Welcome to the Computer Vision Group at RWTH Aachen University!

The Computer Vision group has been established at RWTH Aachen University in context with the Cluster of Excellence "UMIC - Ultra High-Speed Mobile Information and Communication" and is associated with the Chair Computer Sciences 8 - Computer Graphics, Computer Vision, and Multimedia. The group focuses on computer vision applications for mobile devices and robotic or automotive platforms. Our main research areas are visual object recognition, tracking, self-localization, 3D reconstruction, and in particular combinations between those topics.

We offer lectures and seminars about computer vision and machine learning.

You can browse through all our publications and the projects we are working on.


We have one paper accepted at the Workshop on Towards Human-Centric Image/Video Synthesis, IEEE Conference on Computer Vision and Pattern Recognition (CVPRW'20)

April 21, 2020


We have three papers accepted at the IEEE Conference on Computer Vision and Pattern Recognition (CVPR) 2020:

Feb. 24, 2020


We have three accepted papers at the International Conference on Robotics and Automation (ICRA) 2020:

Jan. 31, 2020


We have one paper accepted at the IEEE International Conference on Automatic Face and Gesture Recognition (FG) 2020:

Jan. 25, 2020


We have one paper accepted at the IEEE Winter Conference on Applications in Computer Vision (WACV) 2020:

Dec. 10, 2019

We won the 2019 YouTube-VIS Challenge on Video Instance Segmentation

Our short paper has the details.

Sept. 30, 2019

Recent Publications

3D-MPA: Multi Proposal Aggregation for 3D Semantic Instance Segmentation

IEEE Conference on Computer Vision and Pattern Recognition (CVPR) 2020

We present 3D-MPA, a method for instance segmentation on 3D point clouds. Given an input point cloud, we propose an object-centric approach where each point votes for its object center. We sample object proposals from the predicted object centers. Then we learn proposal features from grouped point features that voted for the same object center. A graph convolutional network introduces inter-proposal relations, providing higher-level feature learning in addition to the lower-level point features. Each proposal comprises a semantic label, a set of associated points over which we define a foreground-background mask, an objectness score and aggregation features. Previous works usually perform non-maximum-suppression (NMS) over proposals to obtain the final object detections or semantic instances. However, NMS can discard potentially correct predictions. Instead, our approach keeps all proposals and groups them together based on the learned aggregation features. We show that grouping proposals improves over NMS and outperforms previous state-of-the-art methods on the tasks of 3D object detection and semantic instance segmentation on the ScanNetV2 benchmark and the S3DIS dataset.

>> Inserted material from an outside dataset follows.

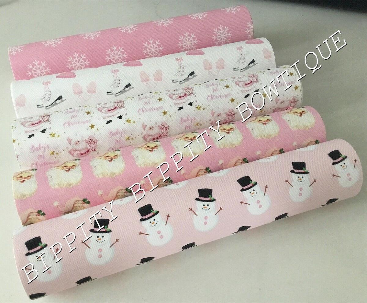SPECIAL OFFER PACK OF 5 PINK CHRISTMAS PRINTED CANVAS FABRIC SHEETS HAIR BOWS [ENDED]

DualConvMesh-Net: Joint Geodesic and Euclidean Convolutions on 3D Meshes

IEEE Conference on Computer Vision and Pattern Recognition (CVPR) 2020 (Oral)

We propose DualConvMesh-Nets (DCM-Net) a family of deep hierarchical convolutional networks over 3D geometric data that *combines two types* of convolutions. The first type, *geodesic convolutions*, defines the kernel weights over mesh surfaces or graphs. That is, the convolutional kernel weights are mapped to the local surface of a given mesh. The second type, *Euclidean convolutions*, is independent of any underlying mesh structure. The convolutional kernel is applied on a neighborhood obtained from a local affinity representation based on the Euclidean distance between 3D points. Intuitively, geodesic convolutions can easily separate objects that are spatially close but have disconnected surfaces, while Euclidean convolutions can represent interactions between nearby objects better, as they are oblivious to object surfaces. To realize a multi-resolution architecture, we borrow well-established mesh simplification methods from the geometry processing domain and adapt them to define mesh-preserving pooling and unpooling operations. We experimentally show that combining both types of convolutions in our architecture leads to significant performance gains for 3D semantic segmentation, and we report competitive results on three scene segmentation benchmarks.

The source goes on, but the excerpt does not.